Leaving every picture out, please return exactly the lines from the top of the material below through the line with "Чоловіче портмоне з", both included.

Given records.
-.-.-

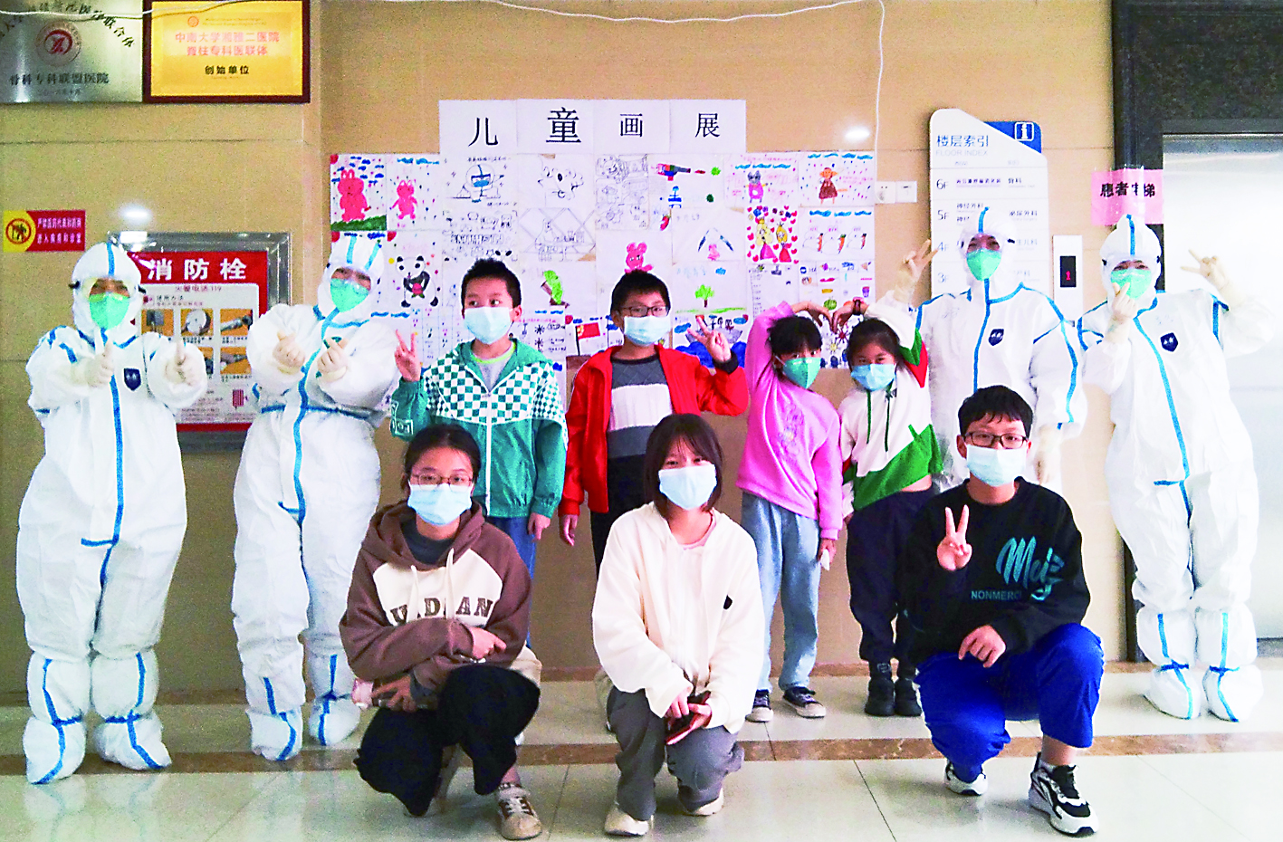 ▲隔离病房里,孩子们展示画作。通讯员供图
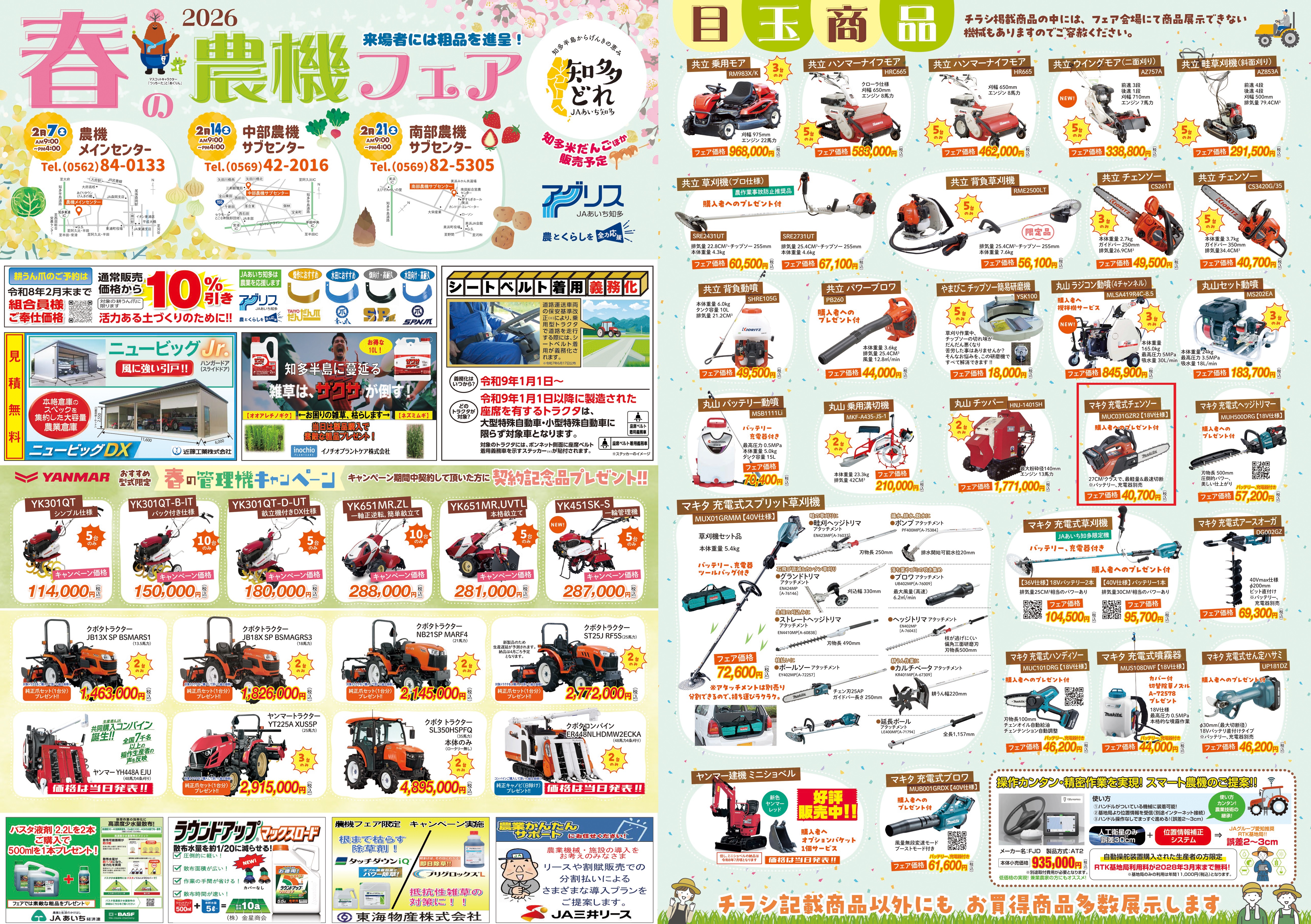 2026春の農機フェアチラシ(裏面)に掲載していますマキタ商品
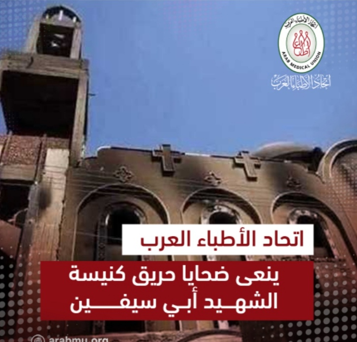 تقدم اتحاد الأطباء العرب على لسان أمينه العام الأستاذ الدكتور أسامة رسلان بخالص التعازي والمواساة لأسر الضحايا الأبرياء، إثر اندلاع حريق نشب بكنيسة الشهيد أبي سيفين في منطقة مطار إمبابة شمالي الجيزة، صباح اليوم الأحد 14 أغسطس.
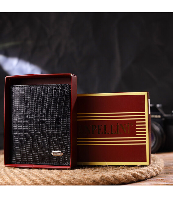 Чоловіче портмоне з натуральної фактурної шкіри CANPELLINI 21501 Чорне
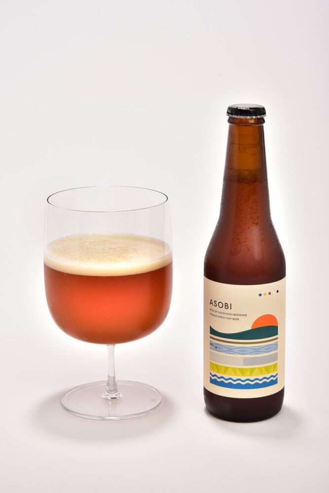 与謝野町の若者が集まり立ち上げた「かけはしブルーイング」のASOBIは、与謝野ホップの豊かな香りとモルトの甘みが楽しめる味わい深いペールエール。アルコール度数:5%、内容量:330ml、4本セット/ 2860円(かけはしブルーイング https://kakehashi.beer/)
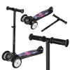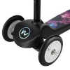 Завдяки великим переднім колесам діаметром 12 см і задньому колесу 10 см, самокат добре справляється як на рівних тротуарах, так і на дещо більш нерівних поверхнях. Міцна конструкція дозволяє максимальне навантаження до 50 кг, що дозволяє дітям користуватися ним протягом декількох років.
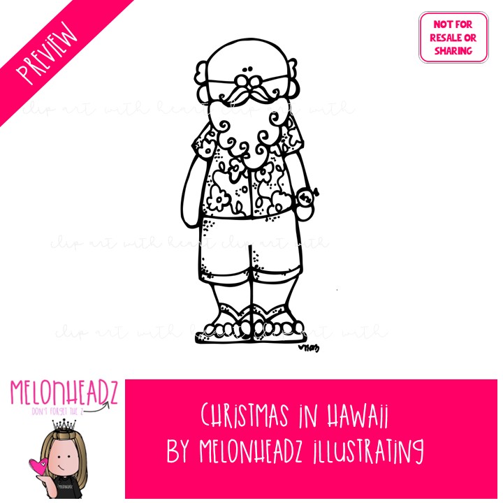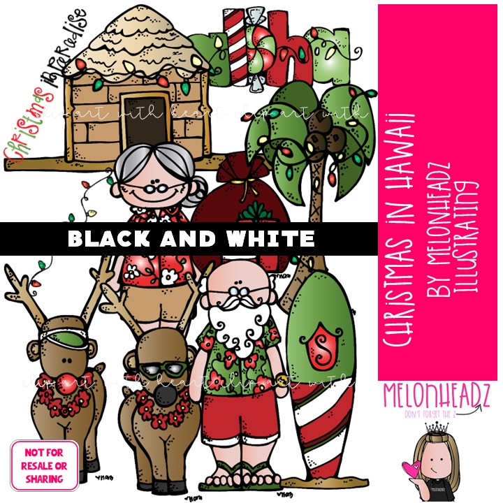 Christmas in Hawaii clip art, Warm weather, Santa BLACK AND WHITE: This illustrated set contains all of the clip art images as shown in the preview picture. BLACK AND WHITE illustrations included.

-.-.-

Answer to the exercise.
 ▲隔离病房里,孩子们展示画作。通讯员供图
 2026春の農機フェアチラシ(裏面)に掲載していますマキタ商品
 تقدم اتحاد الأطباء العرب على لسان أمينه العام الأستاذ الدكتور أسامة رسلان بخالص التعازي والمواساة لأسر الضحايا الأبرياء، إثر اندلاع حريق نشب بكنيسة الشهيد أبي سيفين في منطقة مطار إمبابة شمالي الجيزة، صباح اليوم الأحد 14 أغسطس.
 Чоловіче портмоне з натуральної фактурної шкіри CANPELLINI 21501 Чорне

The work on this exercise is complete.